Quante volte saliamo il piatto prima ancora di portarlo alla bocca, prima di aver assaggiato anche solo un boccone? È un riflesso automatico, non una necessità. E quel riflesso, ripetuto a ogni pasto per anni, ci abitua a un gusto sempre più carico e a un palato sempre meno sensibile.
Il sale è un'abitudine, non un bisogno
Più sale mangi, più il palato si abitua e ne richiede per sentire qualcosa: è una scala che sale da sola, all'infinito. Fermarsi e assaggiare prima di aggiungerne spezza l'automatismo. Molto spesso, semplicemente provando, scopri che il piatto va benissimo così com'è e che la mano andava alla saliera per pura abitudine.
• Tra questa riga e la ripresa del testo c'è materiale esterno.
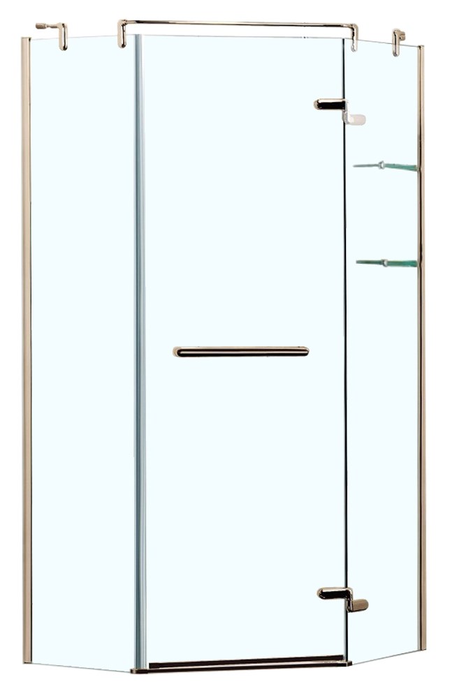Душевое ограждение Azario MONTREAL 1000х1000х2000 R, со стеклянной полкой, без поддона, прозрачное стекло 8 мм,цвет профиля золото глянцевое (AZ-NWG3231 1000 R GOLD)
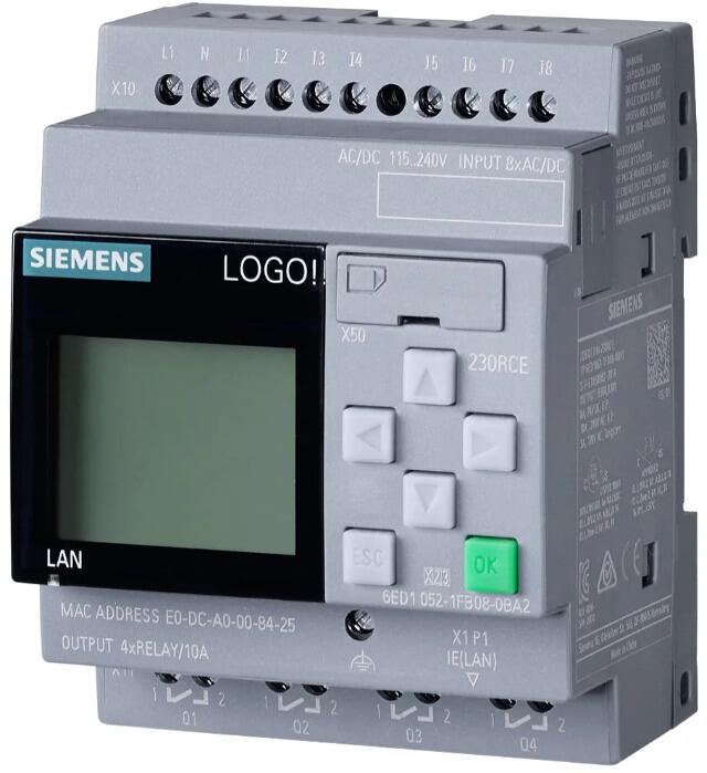 Siemens 6ED1052-1FB08-0BA2 LOGO! 230RCE, Logikmodul, Display SV/E/A: 115V/230V/Relais, 8 DE/4 DA, SP. 400 Blöcke, modular erweiterbar, Ethernet, integ
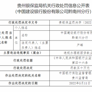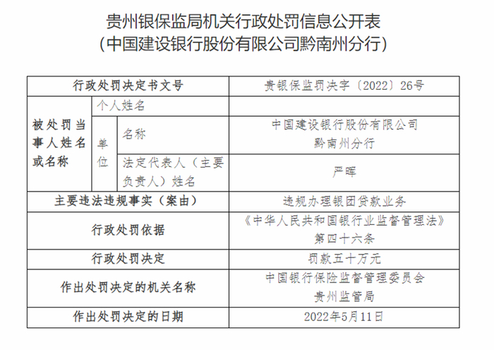 建设银行黔南州分行因违规办理银团贷款业务被罚款50万元。该行姜钧是上述违法违规行为负领导责任的直接责任人,被罚款5万元。
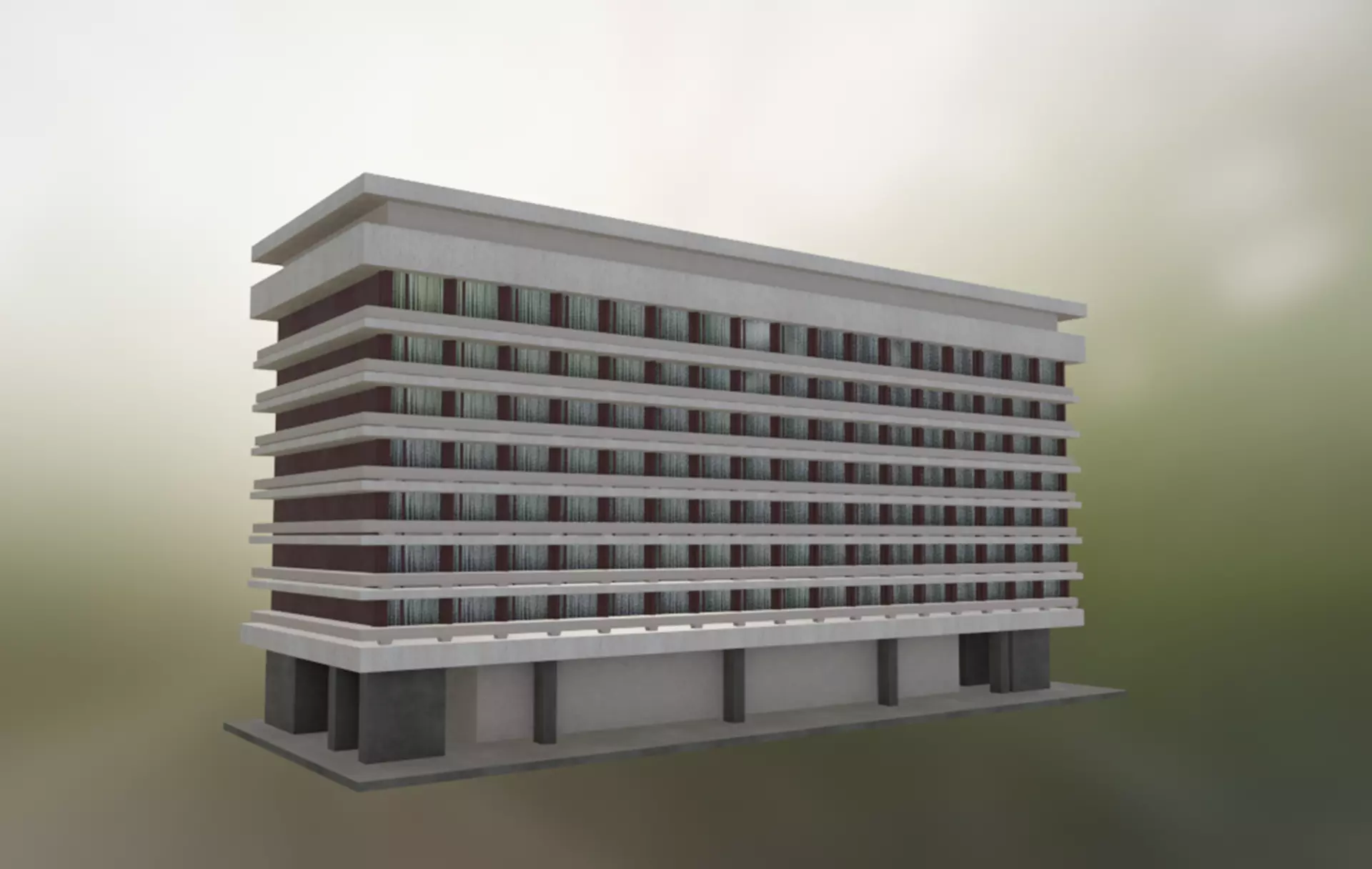 High quality mid poly 3D model of the ARO Palace Hotel in Brasov, Romania, one of the most recognizable modern landmarks in the city center.
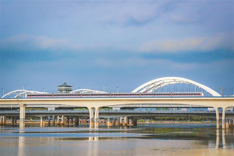 图为西安地铁3号线列车快速驶过广运大桥(2024年5月14日摄,资料照片)。 受访单位供图
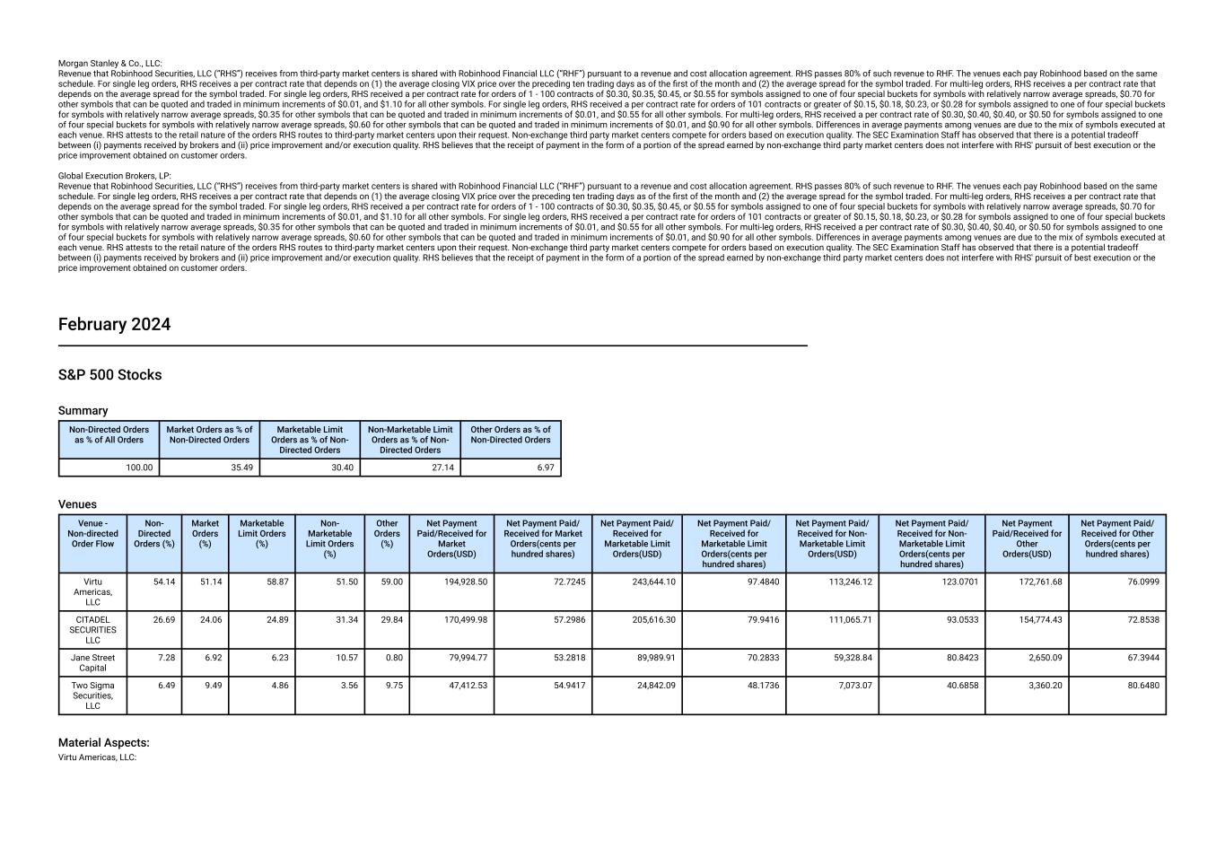 Morgan Stanley & Co., LLC: Revenue that Robinhood Securities, LLC (“RHS”) receives from third-party market centers is shared with Robinhood Financial LLC (“RHF”) pursuant to a revenue and cost allocation agreement. RHS passes 80% of such revenue to RHF. The venues each pay Robinhood based on the same schedule. For single leg orders, RHS receives a per contract rate that depends on (1) the average closing VIX price over the preceding ten trading days as of the first of the month and (2) the average spread for the symbol traded. For multi-leg orders, RHS receives a per contract rate that depends on the average spread for the symbol traded. For single leg orders, RHS received a per contract rate for orders of 1 - 100 contracts of $0.30, $0.35, $0.45, or $0.55 for symbols assigned to one of four special buckets for symbols with relatively narrow average spreads, $0.70 for other symbols that can be quoted and traded in minimum increments of $0.01, and $1.10 for all other symbols. For single leg orders, RHS received a per contract rate for orders of 101 contracts or greater of $0.15, $0.18, $0.23, or $0.28 for symbols assigned to one of four special buckets for symbols with relatively narrow average spreads, $0.35 for other symbols that can be quoted and traded in minimum increments of $0.01, and $0.55 for all other symbols. For multi-leg orders, RHS received a per contract rate of $0.30, $0.40, $0.40, or $0.50 for symbols assigned to one of four special buckets for symbols with relatively narrow average spreads, $0.60 for other symbols that can be quoted and traded in minimum increments of $0.01, and $0.90 for all other symbols. Differences in average payments among venues are due to the mix of symbols executed at each venue. RHS attests to the retail nature of the orders RHS routes to third-party market centers upon their request. Non-exchange third party market centers compete for orders based on execution quality. The SEC Examination Staff has observed that there is a potential tradeoff between (i) payments received by brokers and (ii) price improvement and/or execution quality. RHS believes that the receipt of payment in the form of a portion of the spread earned by non-exchange third party market centers does not interfere with RHS' pursuit of best execution or the price improvement obtained on customer orders. Global Execution Brokers, LP: Revenue that Robinhood Securities, LLC (“RHS”) receives from third-party market centers is shared with Robinhood Financial LLC (“RHF”) pursuant to a revenue and cost allocation agreement. RHS passes 80% of such revenue to RHF. The venues each pay Robinhood based on the same schedule. For single leg orders, RHS receives a per contract rate that depends on (1) the average closing VIX price over the preceding ten trading days as of the first of the month and (2) the average spread for the symbol traded. For multi-leg orders, RHS receives a per contract rate that depends on the average spread for the symbol traded. For single leg orders, RHS received a per contract rate for orders of 1 - 100 contracts of $0.30, $0.35, $0.45, or $0.55 for symbols assigned to one of four special buckets for symbols with relatively narrow average spreads, $0.70 for other symbols that can be quoted and traded in minimum increments of $0.01, and $1.10 for all other symbols. For single leg orders, RHS received a per contract rate for orders of 101 contracts or greater of $0.15, $0.18, $0.23, or $0.28 for symbols assigned to one of four special buckets for symbols with relatively narrow average spreads, $0.35 for other symbols that can be quoted and traded in minimum increments of $0.01, and $0.55 for all other symbols. For multi-leg orders, RHS received a per contract rate of $0.30, $0.40, $0.40, or $0.50 for symbols assigned to one of four special buckets for symbols with relatively narrow average spreads, $0.60 for other symbols that can be quoted and traded in minimum increments of $0.01, and $0.90 for all other symbols. Differences in average payments among venues are due to the mix of symbols executed at each venue. RHS attests to the retail nature of the orders RHS routes to third-party market centers upon their request. Non-exchange third party market centers compete for orders based on execution quality. The SEC Examination Staff has observed that there is a potential tradeoff between (i) payments received by brokers and (ii) price improvement and/or execution quality. RHS believes that the receipt of payment in the form of a portion of the spread earned by non-exchange third party market centers does not interfere with RHS' pursuit of best execution or the price improvement obtained on customer orders. February 2024 S&P 500 Stocks Summary Non-Directed Orders as % of All Orders Market Orders as % of Non-Directed Orders Marketable Limit Orders as % of Non- Directed Orders Non-Marketable Limit Orders as % of Non- Directed Orders Other Orders as % of Non-Directed Orders 100.00 35.49 30.40 27.14 6.97 Venues Venue - Non-directed Order Flow Non- Directed Orders (%) Market Orders (%) Marketable Limit Orders (%) Non- Marketable Limit Orders (%) Other Orders (%) Net Payment Paid/Received for Market Orders(USD) Net Payment Paid/ Received for Market Orders(cents per hundred shares) Net Payment Paid/ Received for Marketable Limit Orders(USD) Net Payment Paid/ Received for Marketable Limit Orders(cents per hundred shares) Net Payment Paid/ Received for Non- Marketable Limit Orders(USD) Net Payment Paid/ Received for Non- Marketable Limit Orders(cents per hundred shares) Net Payment Paid/Received for Other Orders(USD) Net Payment Paid/ Received for Other Orders(cents per hundred shares) Virtu Americas, LLC 54.14 51.14 58.87 51.50 59.00 194,928.50 72.7245 243,644.10 97.4840 113,246.12 123.0701 172,761.68 76.0999 CITADEL SECURITIES LLC 26.69 24.06 24.89 31.34 29.84 170,499.98 57.2986 205,616.30 79.9416 111,065.71 93.0533 154,774.43 72.8538 Jane Street Capital 7.28 6.92 
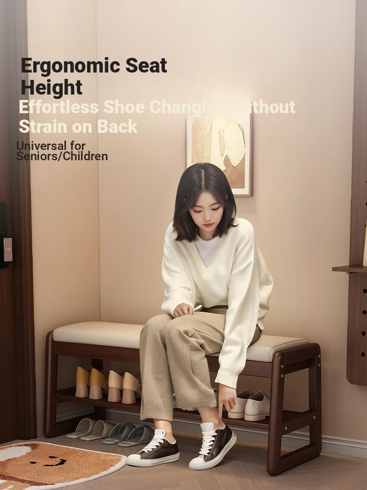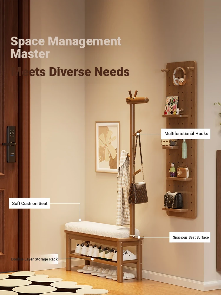 Solid Wood Fawn Shoe Changing Stool - Versatile Entryway Bench with Soft Cushion, Perfect for Home Use, Creative Corner Coat Rack, Functional and Stylish Storage Solution for Your Entryway
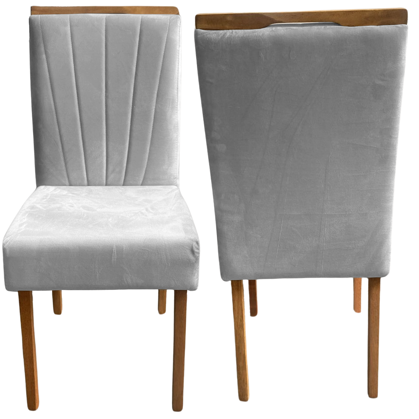 Kit 2 Cadeiras Patrícia 01 Imbuia Mel/Veludo Cinza Prata 148 – CARVALHO DECOR
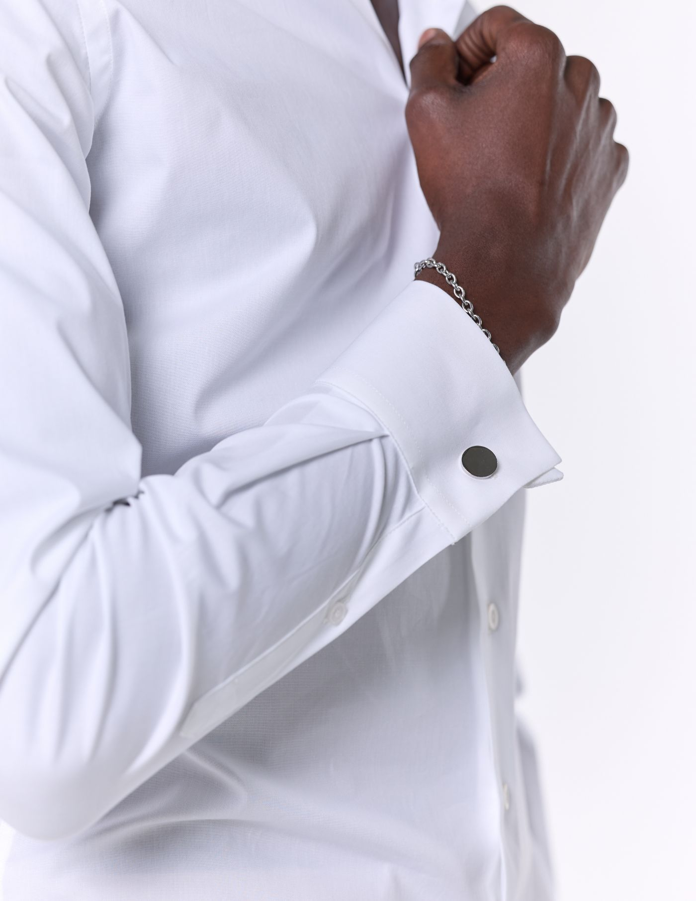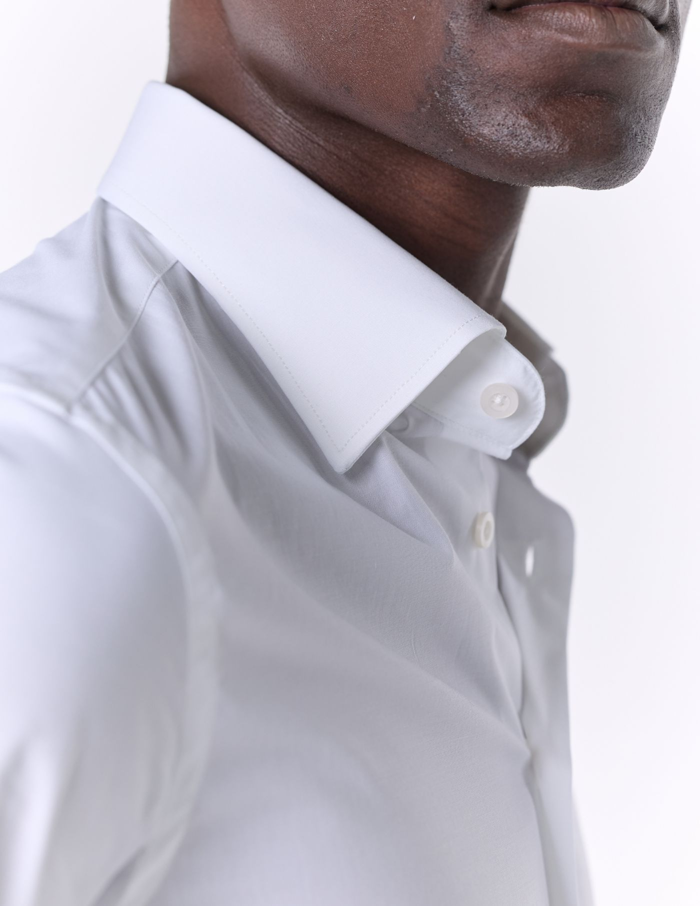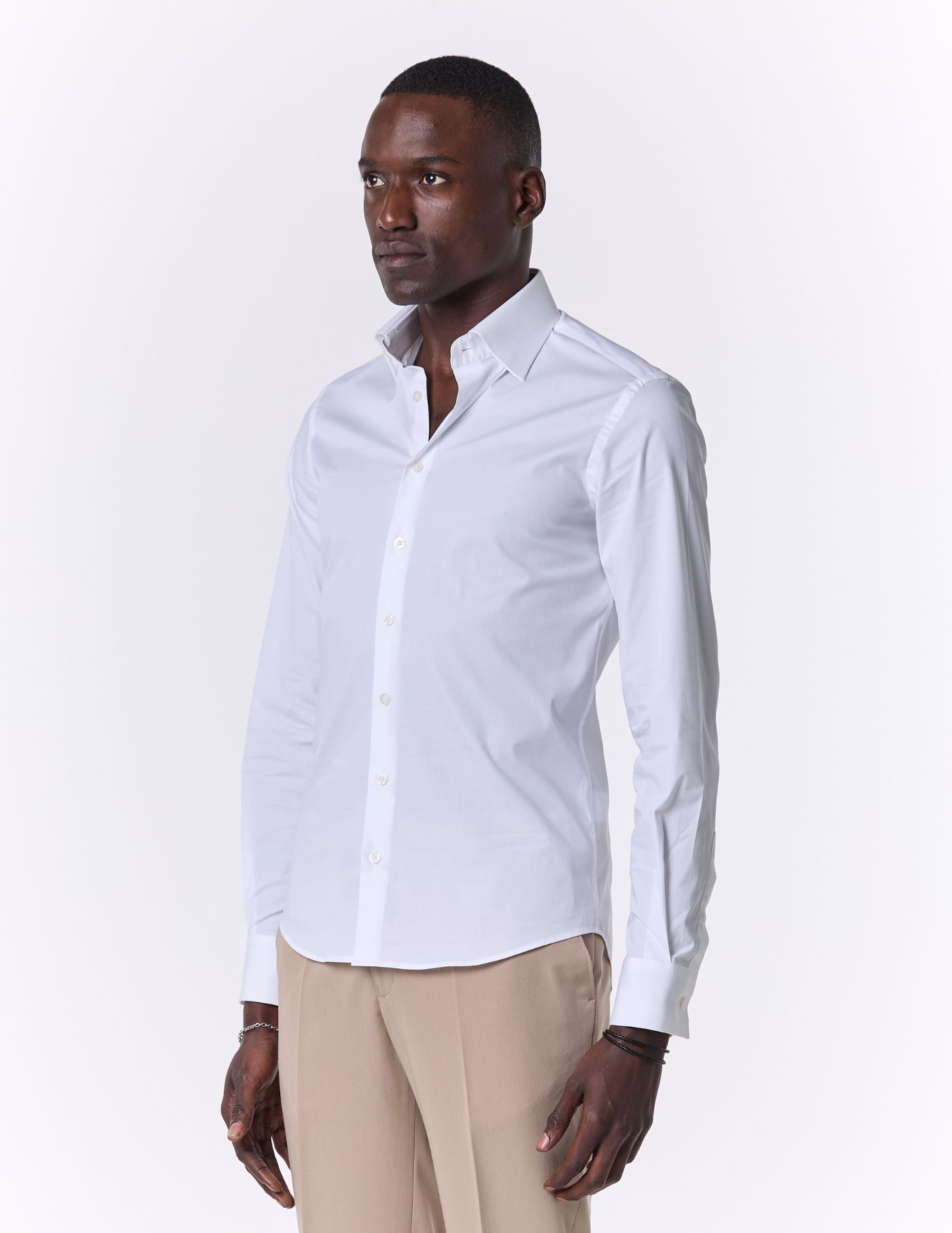 É leve e elegante, e combina o corte slim fit com uma gola ligeiramente mais alta e opção de casa para usar botão de punho.

Perché conta per la salute
Troppo sodio è uno dei fattori più direttamente legati alla pressione alta, un problema diffuso e silenzioso. E la maggior parte del sale che mangiamo nemmeno lo aggiungiamo noi a tavola: è già dentro i cibi pronti, il pane, i salumi, i formaggi. Un motivo in più per non caricarne ancora altro senza nemmeno provare se serve.
- Assaggia sempre il primo boccone prima di toccare la saliera, ogni volta.
- In cucina, sala a fine cottura invece che all'inizio: ne serve molto meno.
- Sostituisci una parte del sale con spezie, erbe aromatiche, limone, aglio: danno sapore senza sodio.
- Togli la saliera dalla tavola: se per averla devi alzarti a prenderla, ci pensi due volte.
Il palato si riabitua
La buona notizia è che il meccanismo funziona anche al contrario. Riducendo il sale per qualche settimana, il gusto si ritara verso il basso e i cibi tornano a sapere di sé stessi. A quel punto, sorpresa: i piatti molto salati di prima cominciano a sembrarti persino eccessivi, quasi fastidiosi.
Riscoprire i sapori
Senza il velo coprente del sale, senti di nuovo il pomodoro che sa davvero di pomodoro, la verdura che ha il suo gusto preciso, il pesce che sa di mare. È un guadagno doppio: meno sodio per il corpo e più sapore vero per il piacere.
Prima di prendere la saliera, prendi la forchetta. Assaggia davvero. Quasi sempre scoprirai che il piatto non aveva bisogno di niente che non avesse già.